Further, when an abnormality occurs, communication may be performed between the base station and the terminal and the monitor 28A provided in the hospital room so that the nurse can directly talk with the care receiver G in real time. For conversation, the nurse call communication function provided in the bed can be used. Alternatively, the alerting unit 28 may have a communication function. As a result, it is possible to reliably receive and respond to the care recipient G, to respond appropriately to the abnormal situation, and to check whether or not it is malfunctioning.

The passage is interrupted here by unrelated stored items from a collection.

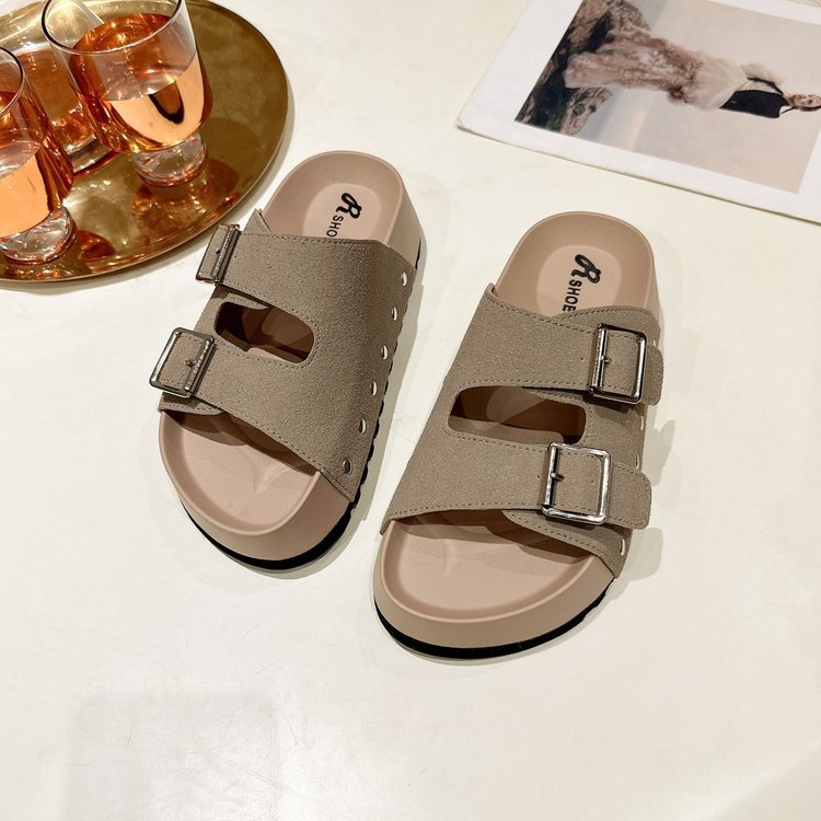 슬리퍼 여성용 외부 착용 유행 두꺼운 바닥 미드 힐 2024 새로운 캐주얼 해변 젖은 물 미끄럼 방지 비치 샌들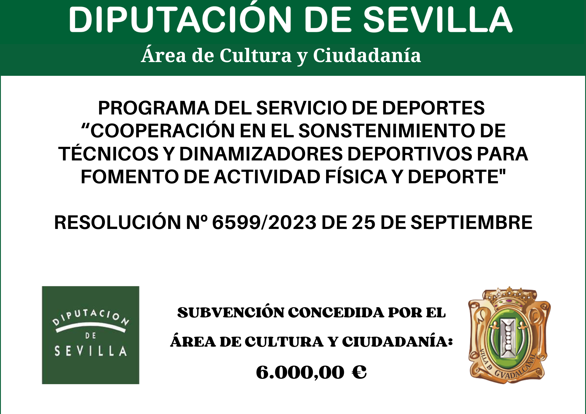 Desde el Área de Cultura y Ciudadanía de la Excelentísima Diputación de Sevilla y, por resolución número 6599/2023 de 25 de septiembre, se le concede al Ayuntamiento de Guadalcanal una subvención del programa del Servicio de Deportes destinadas a la Cooperación en el sostenimiento de técnicos y dinamizadores deportivos para el fomento de la actividad física y el deporte, ejercicio 2023.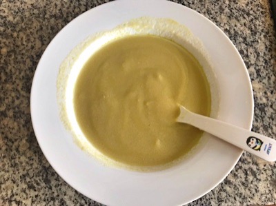 以前、離乳食を作るために購入しておいた仔牛の肉を冷凍してあったので、それを解凍してつくりました。材料を全て調理ロボットに入れてスタートします。40分後に完成しました。記載してある材料の分量は、ロボットのレシピに書かれている量なのですが、実際に作るときには多少多かったり少なかったりします。レシピには、例えば「玉ねぎ1個」とか「ジャガイモ2個」ではなくグラム表記なので、野菜が中途半端に残ってしまう時もあります。そんな時には少し多めに入れたり、逆に少なめになってしまうこともありますが、それほど仕上がりに影響はありません。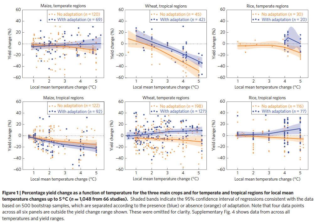 I’ve taken the following image from the paper. It shows crop yields for maize, wheat and rice in both tropical and temperate regions and the impact of temperature up to 5°C, with and without adaptation (click to view a larger version).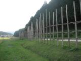 第36城目。豊橋駅から豊川稲荷経由で、長篠城に。長篠城址史跡保存館をみて、雨の中、長篠城跡(本丸)を見て回ったが、土塁・堀をのぞけば城という面影はほとんどなく昔の武田・織田の攻防がうそのようである。このあと設楽原(したらがはら)歴史資料館に移動して、長篠・設楽原の戦いを勉強して、近くの馬防柵を見学して帰路。写真は、長篠城址史跡保存館入口(ここにスタンプあり)、設楽原歴史資料館の屋上から見た馬防柵、でその馬防柵。 |

Furthermore, by recording the log in the recording unit 5, it is possible to analyze the care recipient's behavior pattern, and to aggregate data such as the time from the occurrence of an abnormality to arrival at the site, the incidence of accidents, and the avoidance rate. It can be used for future medical policy planning, nursing care system, patrol system improvement, clinical medical data, etc. There has been no recording system for behavior patterns that can cause such bed fall accidents, and the elucidation and research of disease states and patterns have not been sufficiently advanced so far. In this example, by recording data in the recording unit 5 from the time of occurrence of abnormality, not only the above-mentioned accident prevention but also such clinical research data can be used as clinical data, It can contribute to the establishment of treatment methods. In particular, if the DVR is used for the recording unit 5, the recorded video can be called instantly, so that the problem behavior can be easily analyzed, and the recording medium is a large-capacity medium such as a DVD-R disk, so that it is relatively inexpensive. The advantage is that it is easy to handle, saves space, and does not degrade data. In addition, as the investigation of the medical condition progresses, it becomes possible to make predictions about the pattern in which a fall accident is likely to occur, and more efficient measures can be taken, such as planning a tour in a time corresponding to this. This can reduce the burden on the caregiver. At the same time, feedback for more effective use of the system can be obtained by analyzing the log. For example, the imaging unit 1 can be adjusted to a more optimal position to improve accuracy. In addition, the safety of care recipients is protected by reducing the number of bed fall accidents, and the recovery of the medical condition is promoted. Can also be expected. In addition, the post-processing burden on the hospital side due to the reduction of fall accidents is reduced, and it is expected to greatly contribute to the construction of an environment that can literally care for the care recipient while maintaining medical dignity.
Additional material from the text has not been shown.